FinOps: Cost Optimization

Key Takeaways for AI & Readers

Requests Drive Cost, Not Usage: Cloud infrastructure costs are determined by the CPU and memory your pods request, not what they actually consume. Over-requesting is the single largest source of waste in Kubernetes — most clusters run at 15-30% actual utilization.
Visibility First: You cannot optimize what you cannot measure. Deploy Kubecost or OpenCost to attribute spending to specific teams, namespaces, and workloads. This is the foundation of any FinOps practice.
Right-Sizing with VPA: The Vertical Pod Autoscaler analyzes historical resource usage and recommends (or automatically applies) optimal CPU and memory requests, eliminating both waste and under-provisioning.
Spot/Preemptible Instances: Leverage heavily discounted spare cloud capacity (60-90% savings) for stateless, interruption-tolerant workloads. Use Karpenter or Cluster Autoscaler to automate spot node provisioning.
Resource Quotas as Guardrails: Enforce per-namespace resource limits to prevent a single team from accidentally provisioning excessive infrastructure and running up the bill.
Node Consolidation: Tools like Karpenter actively bin-pack workloads onto fewer nodes and terminate underutilized nodes, recovering wasted capacity continuously.

Cloud providers charge you for the nodes you provision — the virtual machines that form your cluster's compute capacity. If your developers request too much CPU and memory in their pod specs, you are paying for "ghost resources": capacity that is reserved on the node scheduler but never actually consumed by the application. In a typical Kubernetes cluster without active cost management, 50-70% of provisioned resources sit idle.

This guide covers the principles, tools, and strategies for bringing Kubernetes costs under control.

1. Understanding the Kubernetes Cost Model

The fundamental truth of Kubernetes cost optimization:

Your cloud bill is proportional to the sum of all pod resource requests, not the sum of actual resource usage.

spec:

replicas:

template:

spec:

resources:

requests:

cpu: m

memory: Mi

Estimated Monthly Cost

$18.00

Efficiency (Requests vs Usage)42%

💡 Kubecost suggests reducing CPU to 100m.

In Kubernetes, you pay for what you Request, not what you use. Tuning these numbers is the key to FinOps.

Here is why this matters. When a pod declares requests: {cpu: "1", memory: "2Gi"}, the Kubernetes scheduler reserves 1 CPU core and 2 GiB of memory on a node — regardless of whether the pod actually uses those resources. If the pod only uses 100m CPU and 256Mi memory, the remaining 900m CPU and ~1.75 GiB of memory are wasted. That capacity cannot be allocated to other pods (the scheduler treats it as consumed), yet the workload uses a fraction of it.
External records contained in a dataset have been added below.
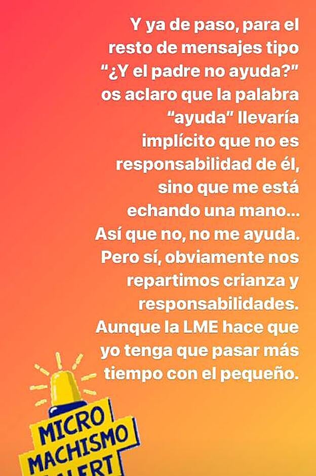 “Y ya de paso, para el resto de mensajes tipo ¿Y el padre no ayuda?, os aclaro que la palabra ayuda llevaría implícito que no es responsabilidad de él, sino que me está echando una mano... Así que no, no me ayuda. Pero sí, obviamente nos repartimos crianza y responsabilidades”, dijo en sus stories de Instagram y no lo pudo dejar más claro. ¿Cuántas veces deben aguantar las madres que a los padres se les tilde de padrazos por hacer sólo lo que tienen que hacer y a ellas las juzguen sin piedad por cualquier detalle ínfimo? Las distintas varas de medir en cuanto a la crianza, es lo que ha querido resaltar la actriz con su publicación en Instagram.
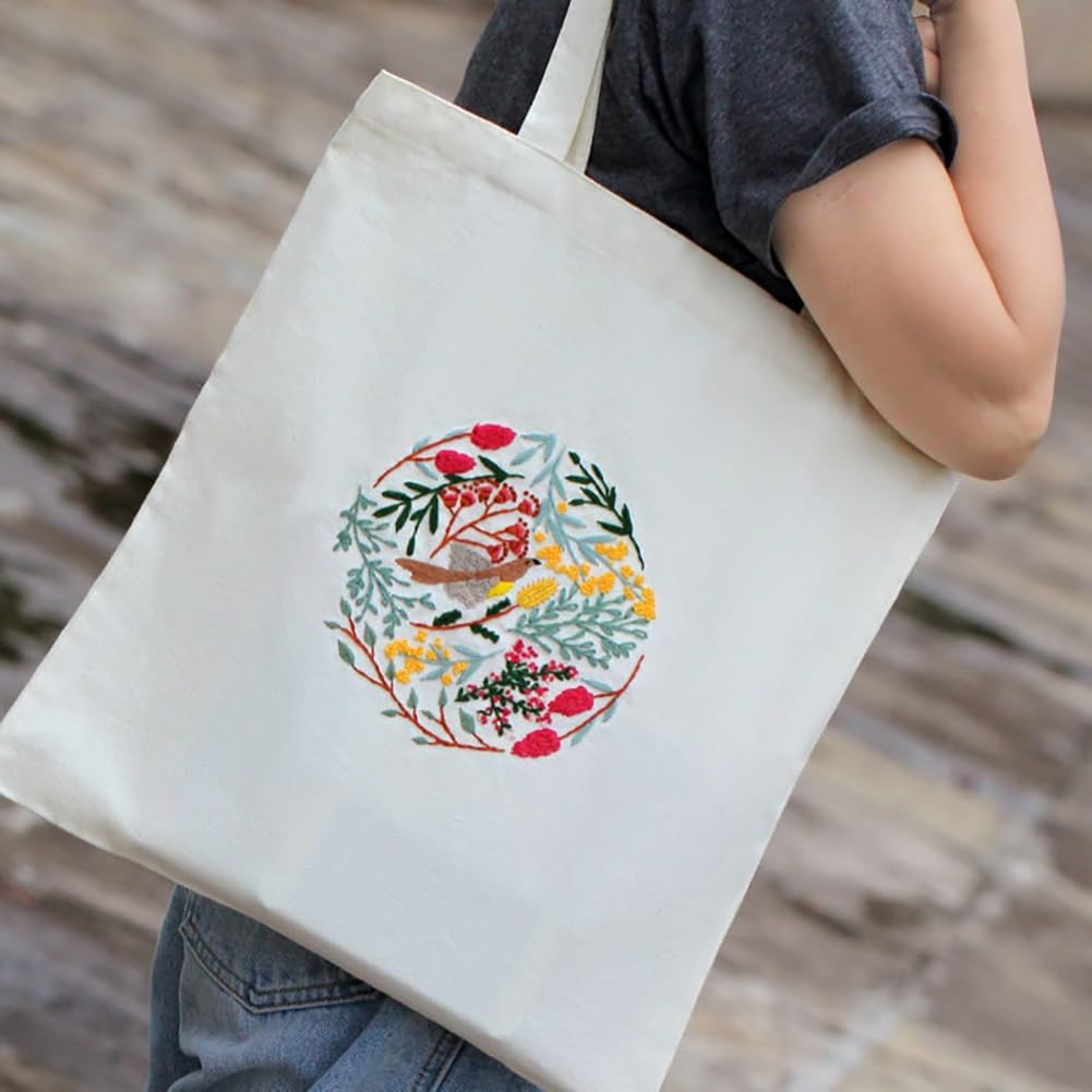 -Easy & Funny: Perfect for all ages. Valuable sewing craft kits, this stamped embroidery kit includes a cotton bag (34x40cm/13.4x15.7inch) with beautiful pre-printed pattern, 8-inch bamboo-like embroidery hoop, threads, needles and easy-to-follow English instructions
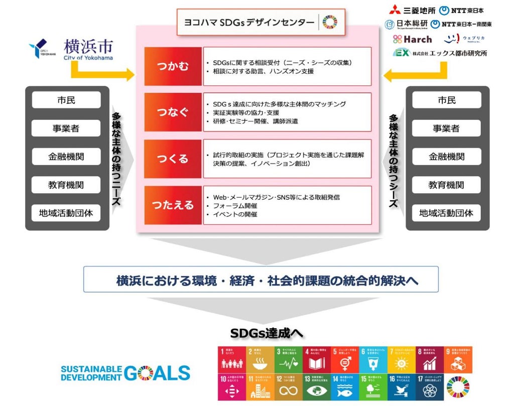 ヨコハマSDGsデザインセンターは、横浜市と民間事業者が共同で設立・運営する組織で、SDGsの達成に向けて、市内外の多様な主体が持つニーズとシーズをつなぎ合わせ、横浜における環境・経済・社会的課題を解決するための中間支援組織です。
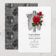 Convite de chuva de bebê casal gótico de caveira floral vintage caprichoso em tons de preto e vermelho personalizável para os detalhes do seu evento.
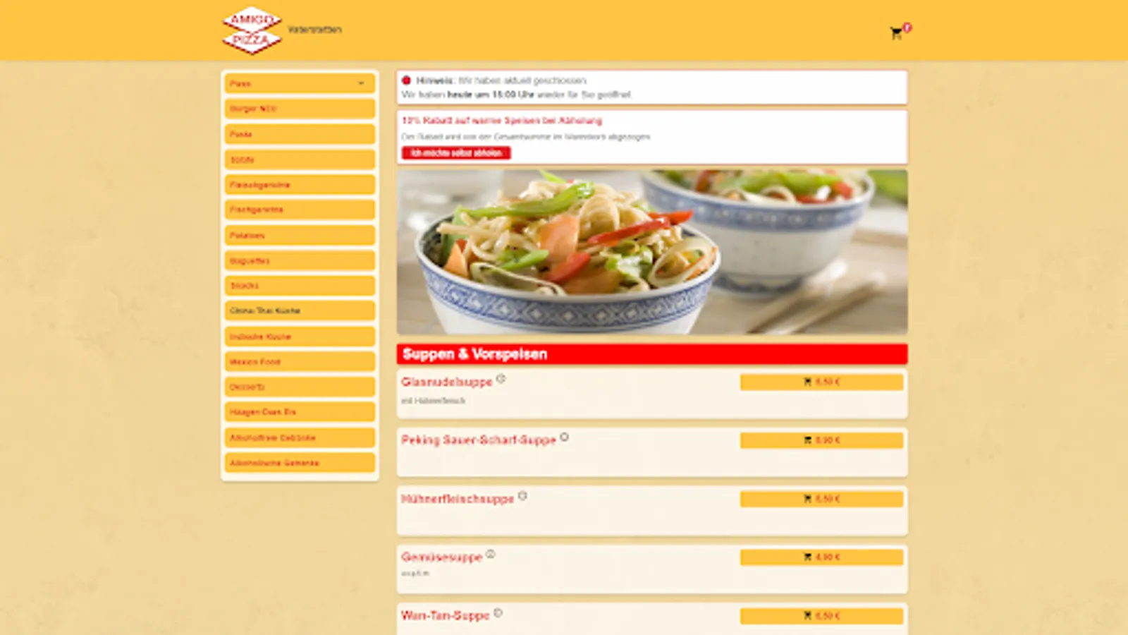 We cordially invite you to browse through our wide range of options. Whether you prefer pickup or a fan of our convenient delivery, we'll make sure you won't go hungry. And best of all, if you pick up your meal yourself, you will receive a 10% discount on all hot dishes.
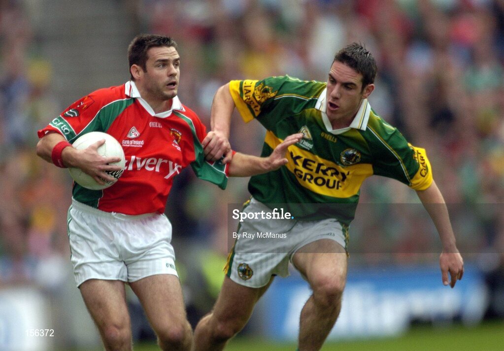 26 September 2004; Brian Maloney, Mayo, in action against Declan O'Sullivan, Kerry. Bank of Ireland All-Ireland Senior Football Championship Final, Kerry v Mayo, Croke Park, Dublin. Picture credit; Ray McManus / SPORTSFILE *** Local Caption *** Any photograph taken by SPORTSFILE during, or in connection with, the 2004 Bank of Ireland All-Ireland Senior Football Final which displays GAA logos or contains an image or part of an image of any GAA intellectual property, or, which contains images of a GAA player/players in their playing uniforms, may only be used for editorial and non-advertising purposes. Use of photographs for advertising, as posters or for purchase separately is strictly prohibited unless prior written approval has been obtained from the Gaelic Athletic Association.
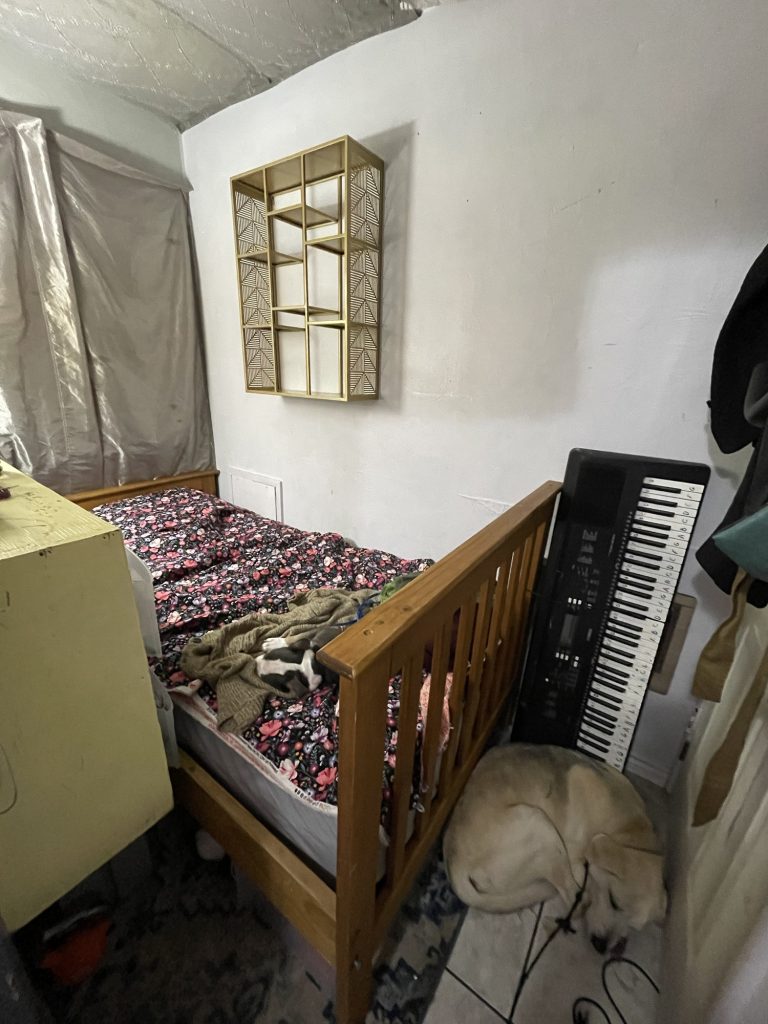 This is where I live. I still have to put in the toilet in the new bathroom after it was not done by the men who were supposed to do that! This is apart of the rest of the house that I rent out to people. The rest of the house has 3 bedrooms and a bathroom. Poppy likes to have his little blankets while he sleeps.

This creates a cascading effect:

Developers over-request to avoid OOM kills and CPU throttling.
Over-requesting causes nodes to fill up faster.
The cluster autoscaler provisions more nodes.
More nodes mean a higher cloud bill.
The actual utilization of those nodes is 15-30%.

The Cost Equation

Monthly Cost ≈ (Total Requested CPU × Cost per CPU-hour × 730 hours)
             + (Total Requested Memory × Cost per GB-hour × 730 hours)
             + (Persistent Volume costs)
             + (Network egress costs)
             + (Load balancer costs)

Compute (CPU + memory) typically accounts for 60-80% of the total bill. That is where the biggest savings are.

2. Kubecost and OpenCost: Visibility

You cannot optimize what you cannot measure. The first step in any FinOps program is deploying a cost visibility tool.

OpenCost

OpenCost is the CNCF open-source standard for Kubernetes cost monitoring. It provides:

Real-time cost allocation by namespace, deployment, pod, and label.
Idle cost identification — exactly how much capacity is reserved but unused.
Cloud provider billing integration for accurate pricing.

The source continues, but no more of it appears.